К первому он, как, наверно, и любой другой в деревне, пошел к Евгению Николаевичу.

– А, Кузьма, – встретил его Евгений Николаевич, открывая дверь. – Заходи, заходи. Присаживайся. А я уж думал, что ты на меня сердишься – не заходишь.

– За что мне на тебя сердиться, Евгений Николаевич?

– А я не знаю. Об обидах не все говорят. Да ты садись. Как жизнь-то?

– Ничего.

– Ну-ну, прибедняйся. В новый дом переехал, и все ничего?

– Да мы уж год в новом доме. Чего теперь хвастать?

– А я не знаю. Ты не заходишь, не рассказываешь.

Евгений Николаевич убрал со стола раскрытые книги, не закрывая, перенес их на полку. Он моложе Кузьмы, но в деревне его величают все, даже старики, потому что вот уже лет пятнадцать он директор школы, сначала семилетки, потом восьмилетки. Родился и вырос Евгений Николаевич здесь же и, закончив институт, крестьянского дела не забыл: сам косит, плотничает, держит у себя большое хозяйство, когда есть время, ходит с мужиками на охоту, на рыбалку. Кузьма сразу пошел к Евгению Николаевичу потому, что знал: деньги у него есть. Живет он вдвоем с женой – она у него тоже учительница, – зарплата у них хорошая, а тратить ее особенно некуда, все свое – и огород, и молоко, и мясо.

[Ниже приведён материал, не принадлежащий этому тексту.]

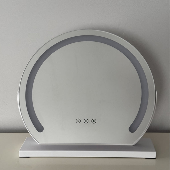 Dieser Spiegel ist perfekt. Die Größe passt perfekt auf den Schreibtisch. Einfach zu installieren. Die Helligkeit ist perfekt. Einfacher An- und Ausschalter. Hat drei verschiedene Einstellungen für unterschiedliche Beleuchtung. Die Reinigung ist ein Kinderspiel und er ist leicht, aber robust.

Видя, что Евгений Николаевич собирает книги, Кузьма приподнялся.

– Может, я не ко времени?

– Сиди, сиди, как это не ко времени! – удержал его Евгений Николаевич. – Время есть. Когда мы не на работе, время у нас свое, не казенное. Значит, и тратить мы его должны как душе угодно, правда?

– Как будто.

– Почему «как будто»? Говори, правда. Время есть. Чай вот можно поставить.

– Чай не надо, – отказался Кузьма. – Не хочу. Недавно пил.

– Ну, смотри. Говорят, сытого гостя легче потчевать. Правда?

– Правда.

Кузьма поерзал на стуле, решился:

– Я, Евгений Николаевич, по делу к тебе тут по одному пришел.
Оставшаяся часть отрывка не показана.